SDS adds to mass as well as charge of the protein , to have the

separation only on the basis of molecular wt. after adding SDS the q/m

of all prots should be equal and as SDS also adds to molec. wt. of prot also, we should be able to get the original molecular wt. by comparing its mobility with that of a known sample molecular wt.

 

In SDS PAGE we use sodium dodecyl sufate to make the ratios of q/m s of two diff peptides nearly equal still keeping the difference between them the same. This tells that this ration is only important here... why???

 

 

I think the difference in the displacements of the two peps in the gel depends only of the ration of their q/ms. What is its expression???

 

DON'T mind Yggdrasil, if u r here...

 

Shrei

The mass/charge ratio is what separates proteins of different sizes. I can't think of the formula. The bigger the protein the more SDS associates with it thus more charge. More charge gives more mobility towards the anode and away from the cathode.

thnx for reply

 

we can't make definite statements about mol.wt.s of proteins without a formula...

 

 

 

 

hrushikesh

we can't make definite statements about mol.wt.s of proteins without a formula...

hrushikesh

 

You also can't make one with a formula. Electrophoresis is a very variable form of measurement. Each run will go sligtly different due to the many factors involved that you really can't account for.

 

I'll give you the formula, but I don't really care to explain it, since it's fairly useless anyways.

 

ZeE = fu

 

The only way to make a real comparison is to run a set of proteins of standard weight along side your samples. Then estimate.

 

Alternatively you could plot the distance vs time fit it to this formula. However it is ONLY good for samples run on the same gel at the same time.

 

logM = a - bx

 

M= mass of protein.

x= distance travelled

a,b are constants individual to every gel.

 

enjoy.

Yeah that's right. You have to construct a calibration curve using the ladder to estimate the Mr of the protein(s).

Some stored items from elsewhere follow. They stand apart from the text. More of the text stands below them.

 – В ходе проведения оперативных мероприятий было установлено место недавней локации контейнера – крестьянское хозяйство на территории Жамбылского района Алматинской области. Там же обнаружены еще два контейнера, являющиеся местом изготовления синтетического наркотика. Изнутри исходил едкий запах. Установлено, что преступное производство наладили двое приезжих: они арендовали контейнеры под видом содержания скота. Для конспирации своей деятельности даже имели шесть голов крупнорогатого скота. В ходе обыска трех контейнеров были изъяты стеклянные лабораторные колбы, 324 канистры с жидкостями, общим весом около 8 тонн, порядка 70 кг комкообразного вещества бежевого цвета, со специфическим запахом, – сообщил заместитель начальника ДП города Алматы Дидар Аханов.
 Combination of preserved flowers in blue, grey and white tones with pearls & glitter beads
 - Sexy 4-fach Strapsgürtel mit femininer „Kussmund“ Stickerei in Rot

Thanks for those formulae...today its fairly hard to understand and estimate

the errors so as to get correct forumula... and as the errors are variable with gels it seems fairly useless.

 

 

hrushikesh

In order to get an accurate molecular weight determination of a protein, you generally will not rely on only one technique. Proteins will often run at a different location on the gel than predicted for various reasons, so molecular weight calculation from SDS-PAGE can often be misleading. However, in addition to SDS-PAGE which measures the molecular weight of the denatured protein, techniques such as analytical gel filtration or analytical ultracentrifugation are used to measure the molecular mass of your protein in its native state, and can provide independent confirmation of the molecular mass determined using SDS-PAGE. However, if you just need a quick confirmation that your protein is of the correct size, SDS-PAGE provides a reasonable estimate of molecular weight.

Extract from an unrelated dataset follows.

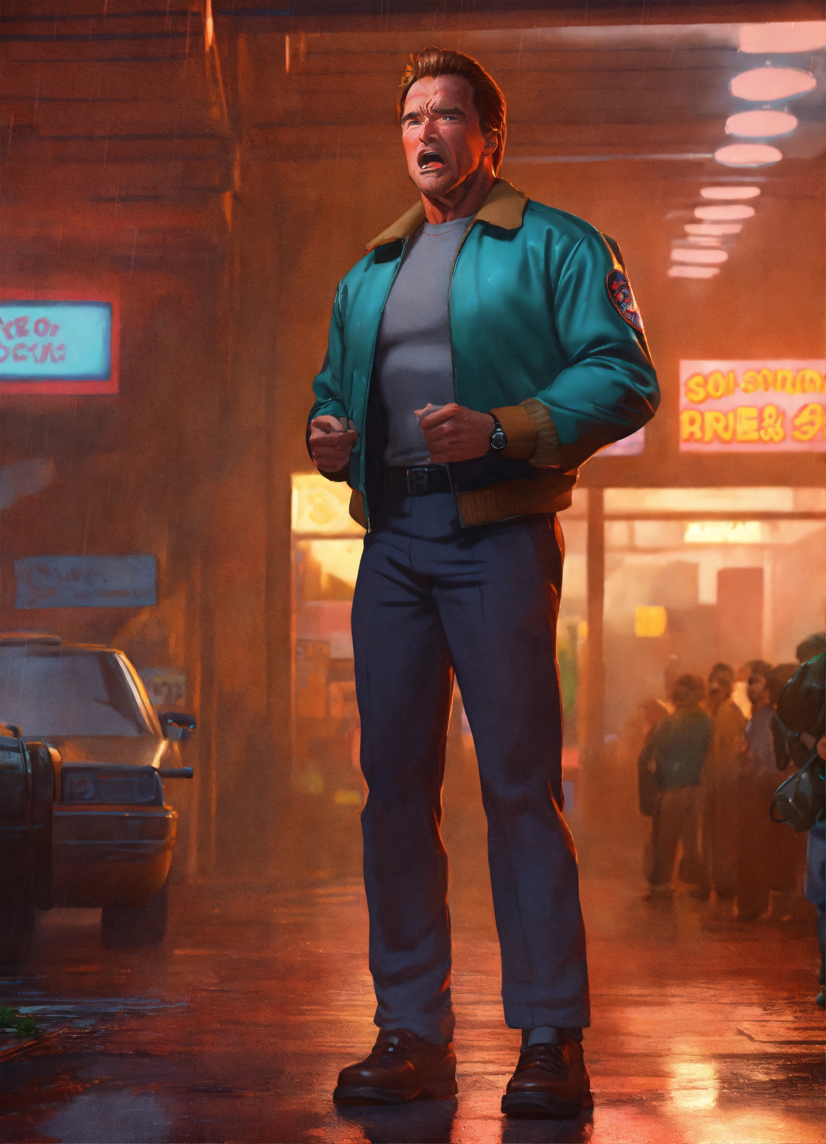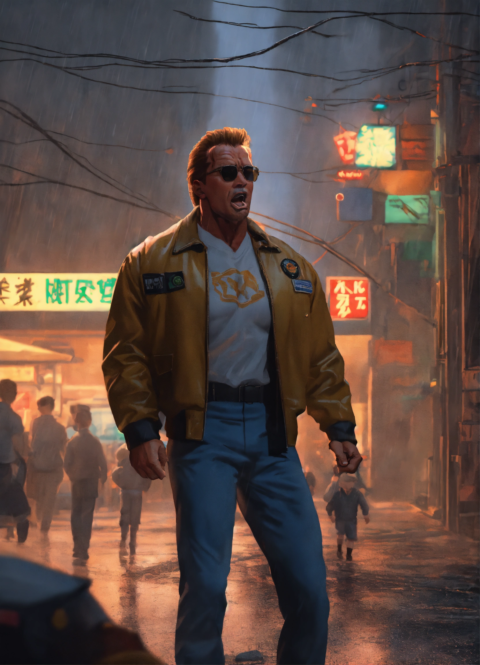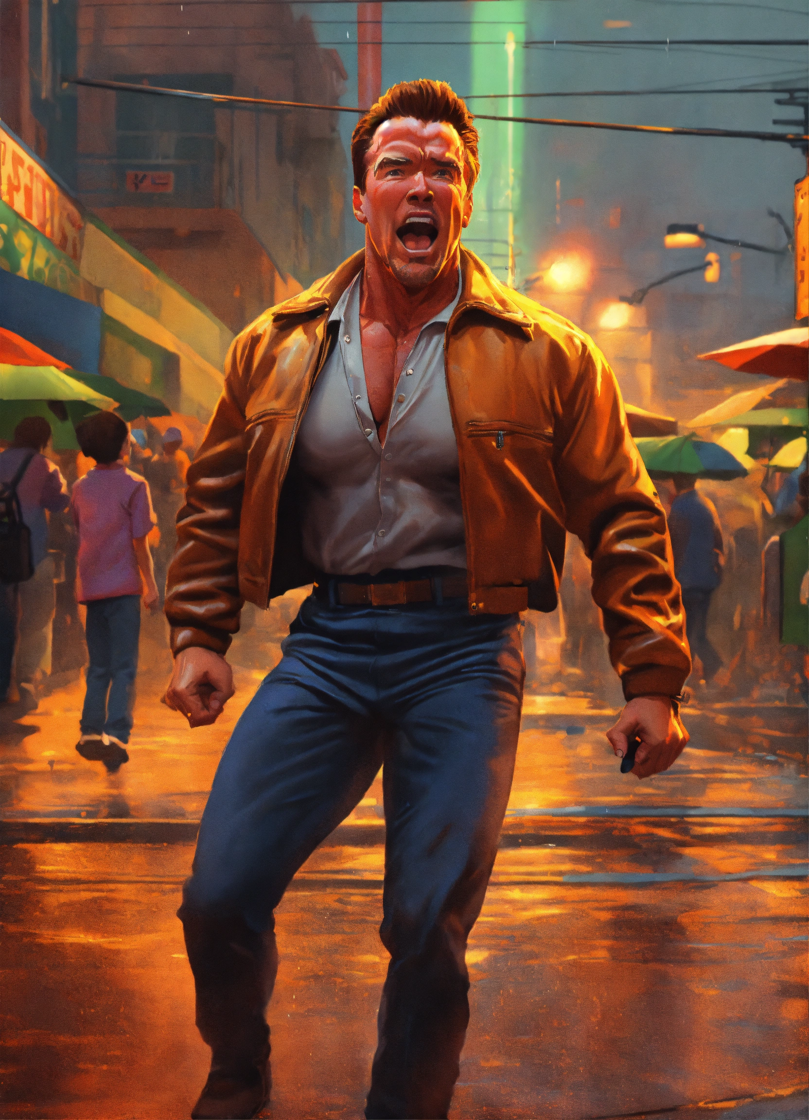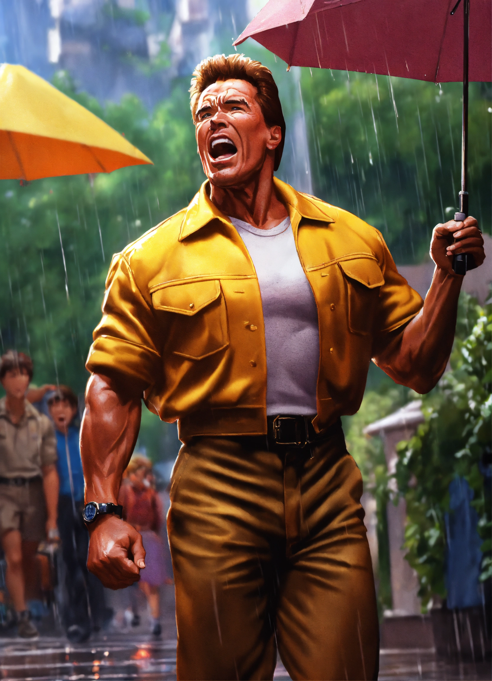 Arnold schwarzenegger, yelling, t's not a tumor, kindergarten cop, illustrator, stunningg details, full body, trending on artstation, rainy day, ray-traced environment, vintage 90's anime artwork, stunning lighting

Or as always when in doubt just do mass spec. Though you should have a very pure sample

that helped frndz, informative... thanks alot.

 

 

 

hrushikesh

The separating difference by SDS-PAGE is because of friction effects.

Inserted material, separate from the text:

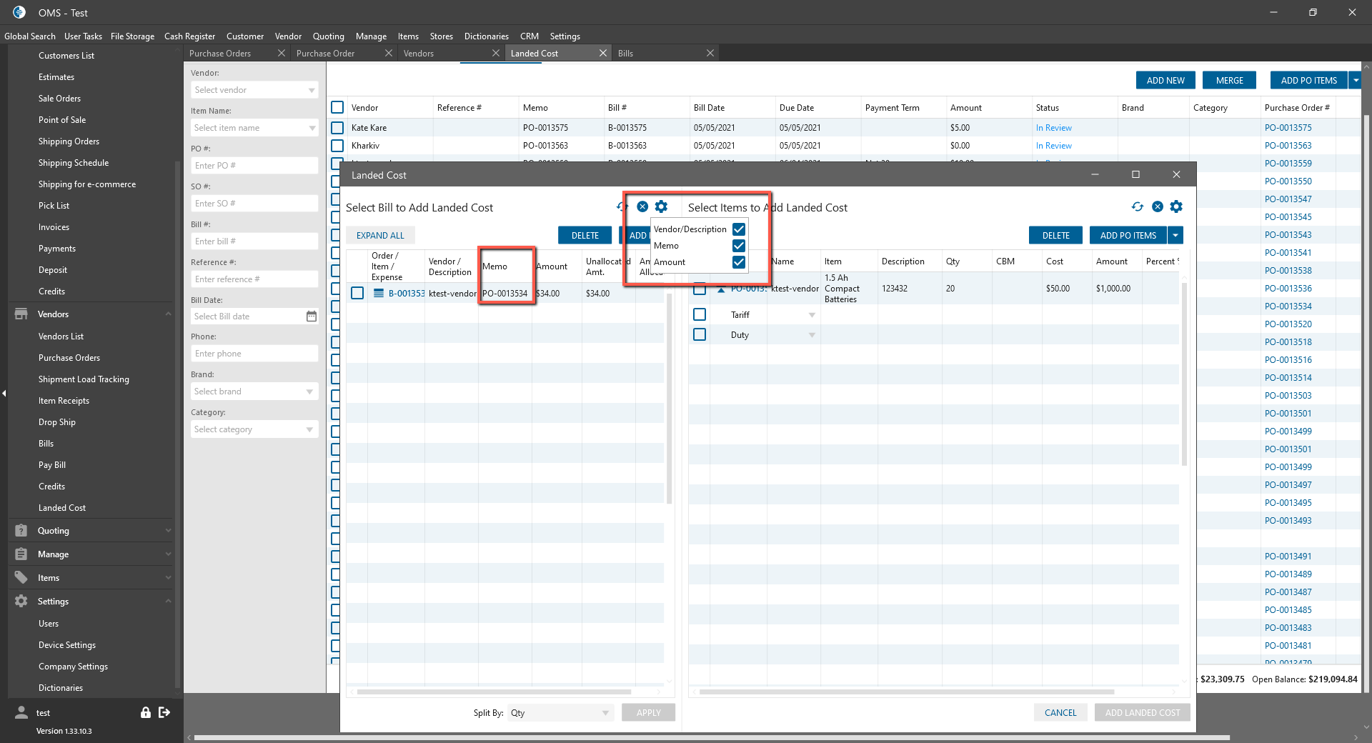 To the Landed Cost panel was added Memo column, which displays the memo from the bill.

the proteins are separated in a mass dependent manner. If a constant force (F) would be applied on the proteins the low molecular mass (m) proteins would have a higher acceleration (a = F/m) compared to the high molecular mass proteins. However, not only the acceleration but also the force applied on the SDS coated proteins is mass dependent, since high molecular mass proteins carry more negative charged SDS (sodium dodecyl sulfate) (ratio 1.4:1). This results in a same velocity for all the different proteins. However, counting for the friction effects contributed by the gel, the heavy proteins are delayed more compared to the small proteins resulting in a mass dependent separation.